The amount of money you are starting with for the goal
The amount you are contributing along the way

All of these factors will let you know what the return you need for your money will be. To say that another way, it will tell you how much you have to make each year on the investment to reach the goal. And different investment vehicles offer different possibilities for returns. Holding investments in cash will probably stay within a few % points, while stocks can jump all over the chart — in both directions. To get higher returns, you also will take on higher risk. The return you need combined with your personal tolerance for fluctuations will determine the investment vehicle.

For example:
If you already have $100,000 that you want to put toward a home down payment in one year, you only need a very conservative investment vehicle. Keeping that cash in a money market account would give you the best assurance that your money will be there when you want it.

I see many clients who come to me with next year’s house down payment in stocks or equity mutual funds. Perhaps that is how they built up the money or maybe they just like to participate in the market. In a week like the ones of late, however, a portfolio may drop 10%, making a $100,000 down payment now a $90,000 one. For the exceptionally daring individual, this may be okay, but as a financial planner, I advise people to match their investment vehicles with their time horizons.
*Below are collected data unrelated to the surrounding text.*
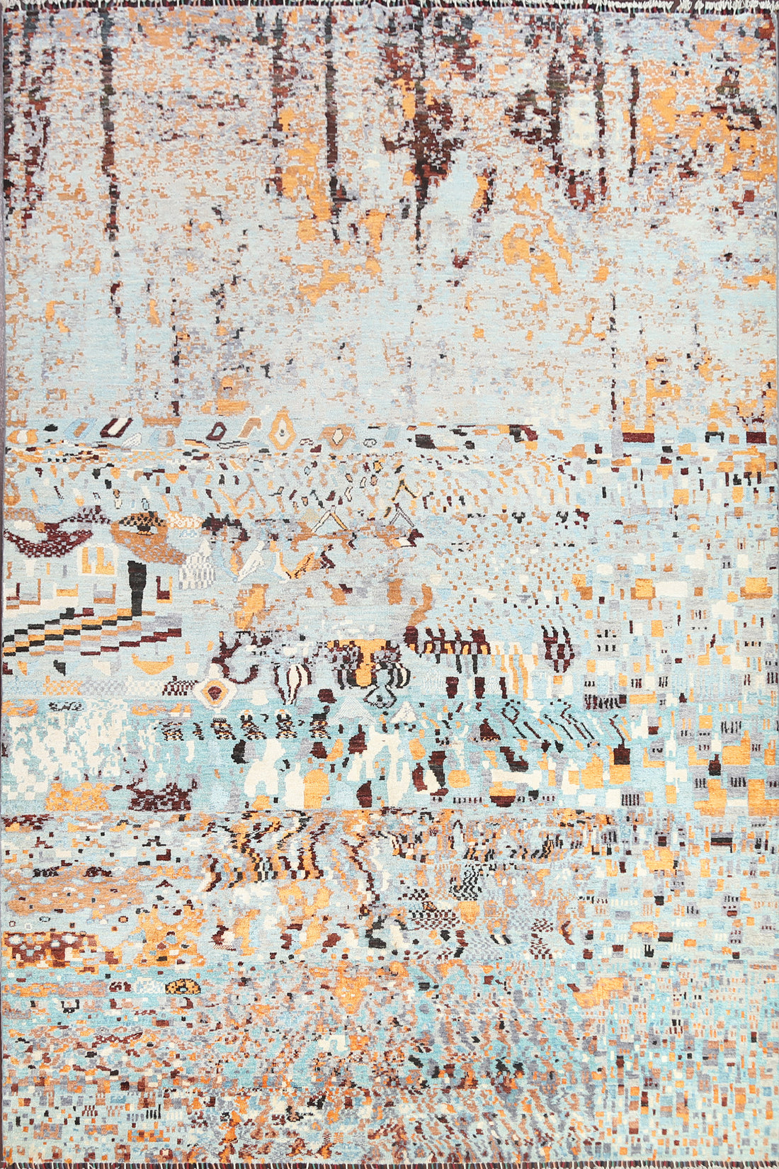 A Beautiful Genuine Pakistan Abstract rug is Hand Knotted by skillful weavers in Pakistan with...
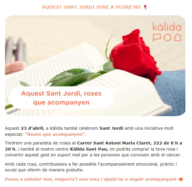 Les entitats de la FECEC Junts contra el Càncer organitzen activitats solidàries per a la Diada de Sant Jordi de 2026. Et deixem el llistat a continuació.
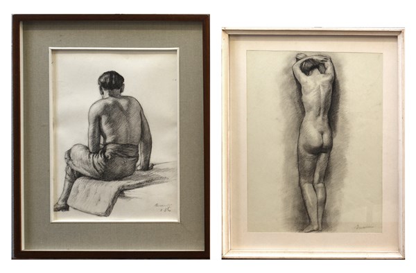 Lotto di due disegni a matita raffiguranti "Nudi di schiena" (misure diverse) Firmati; uno dei due datato 18-4-30. In cornici
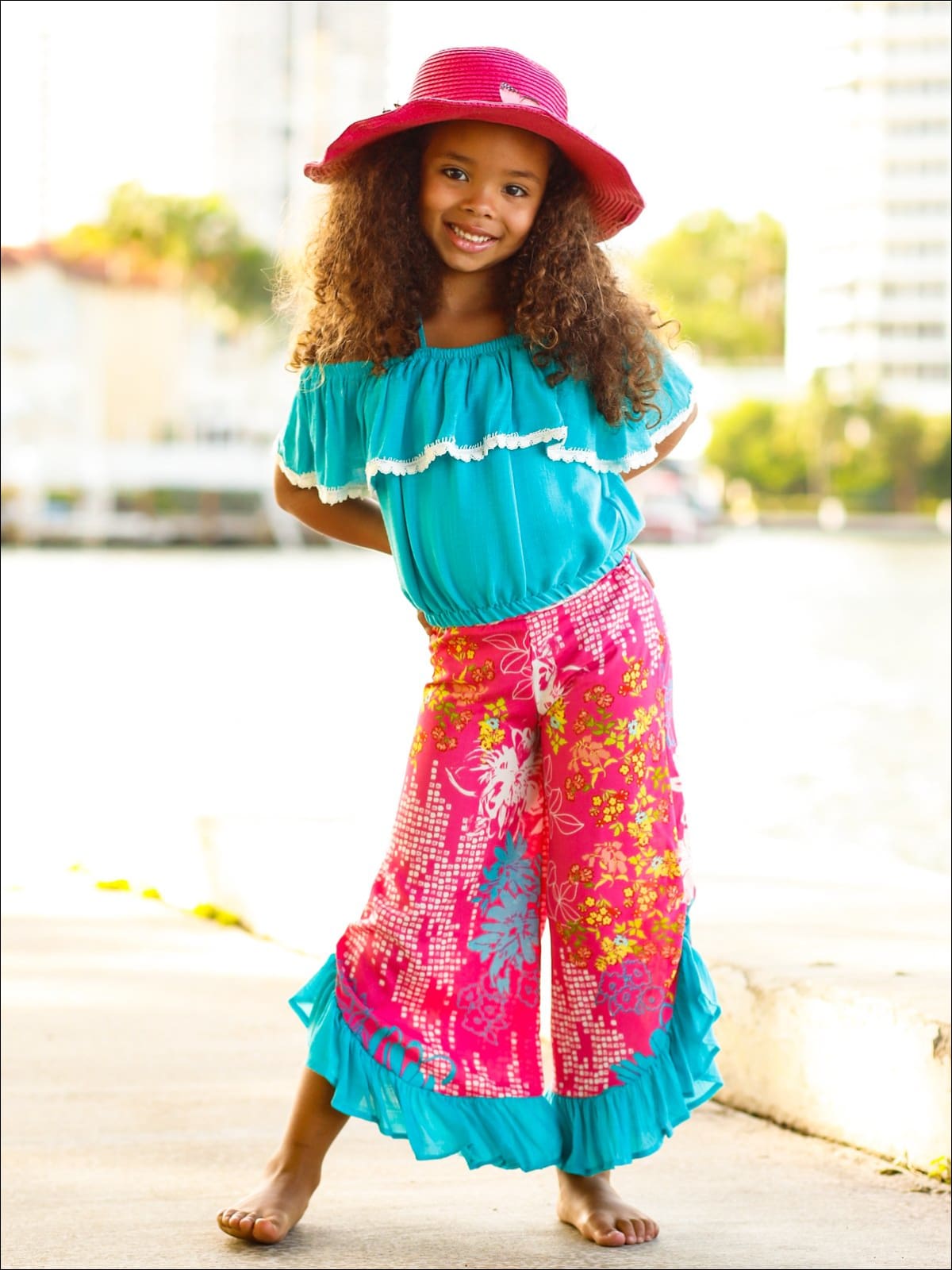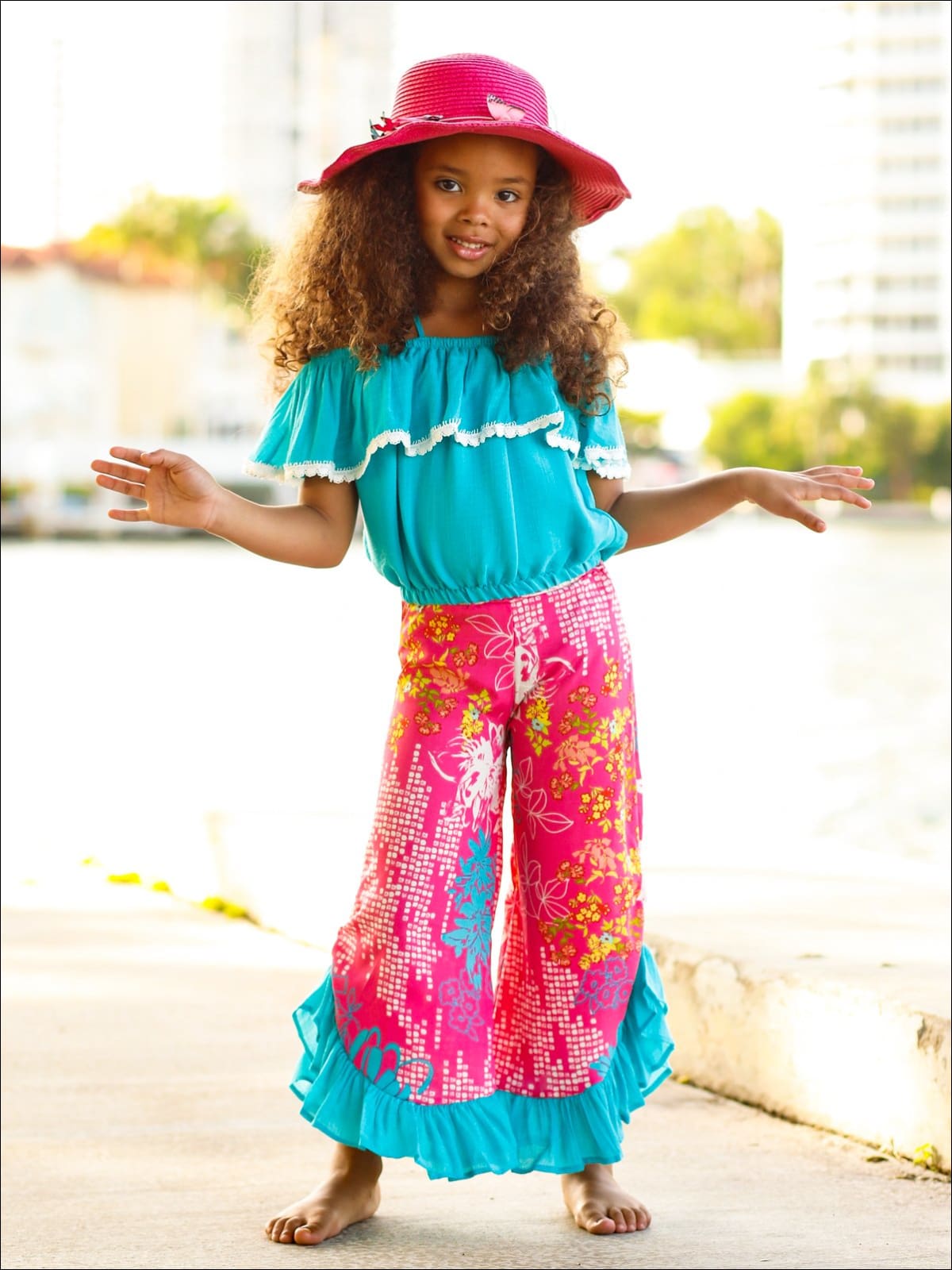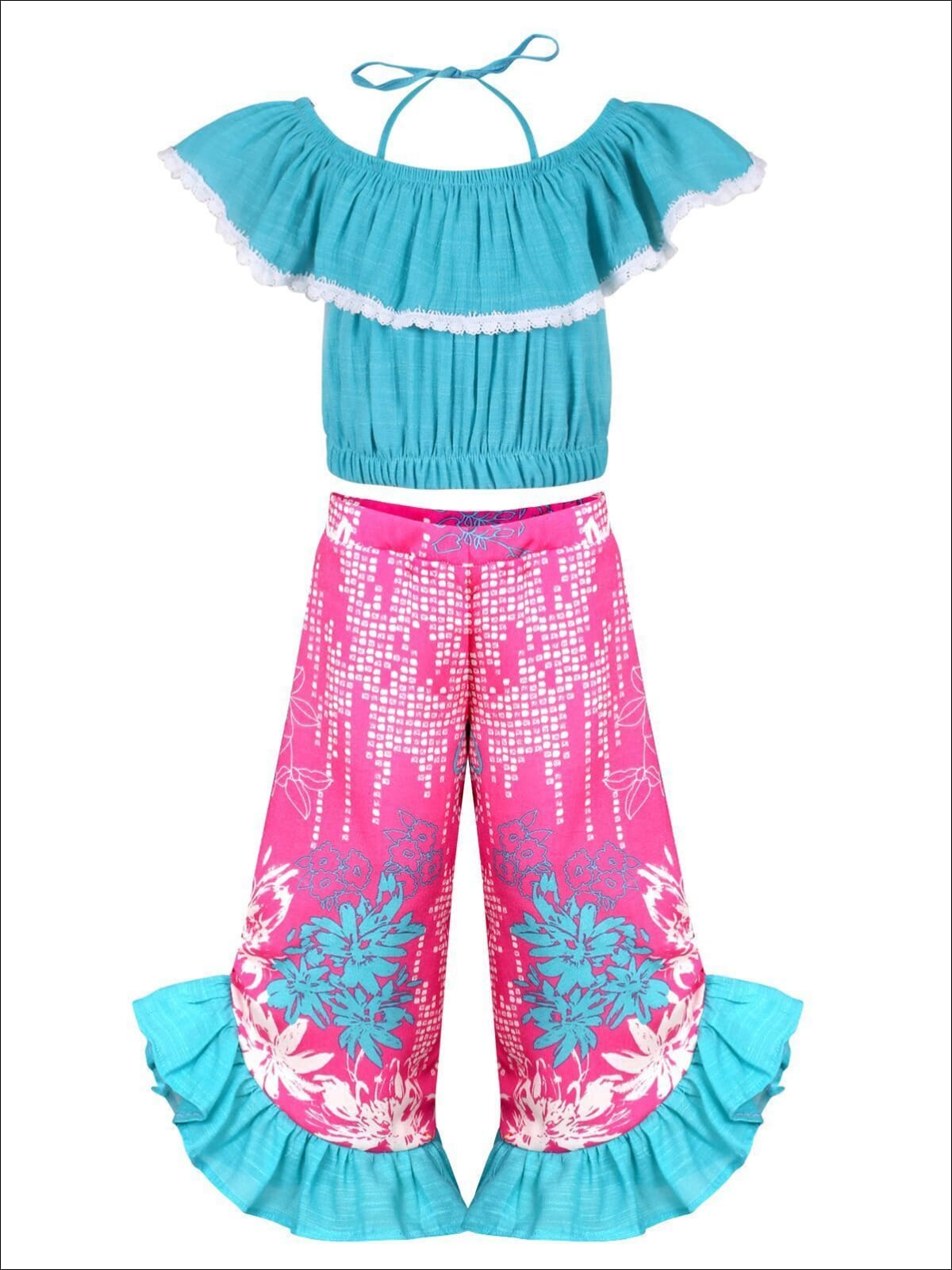 Girls Off the Shoulder Trimmed Ruffle Halter Neck Top & Floral Ruffled Palazzo Pants Set - Turquoise / 2T/3T - Girls Spring Casual Set

If you want access to your money soon, keep it in a cash-equivalent vehicle. This way the market can jump all over the place and you can rest assured that you have what you need when you need it (caveat from the recent events: up to the FDIC insured limits of $100,000 – or more if you set up a certain kind of account designed to expand this limit) . The longer you have before you need the money, the more fluctuations you can likely tolerate. So while you may not be thrilled that your 401k invested in a mix of mutual funds, for example, has decreased, you will likely have more tolerance if you do not need the funds for another 30 years.

PARTNER FOR SUCCESS:

Granted there are those among us who will feel compelled to switch to other asset classes if ours are not performing just because of their personality and risk tolerance. Whether or not this is the smart way to go depends on your personal situation only. To help you handle the next bump, I encourage you to be prepared to act with knowledge and not emotion. The best way to do this is to partner with a financial professional who can help you ride out these rough times and stick with a “system” that works for your anxiety level and your goal achievement timeline. With a plan in place, you can approach the times when everyone else seems to panic with the desired calmness that comes with real knowledge of your own smart investing strategy.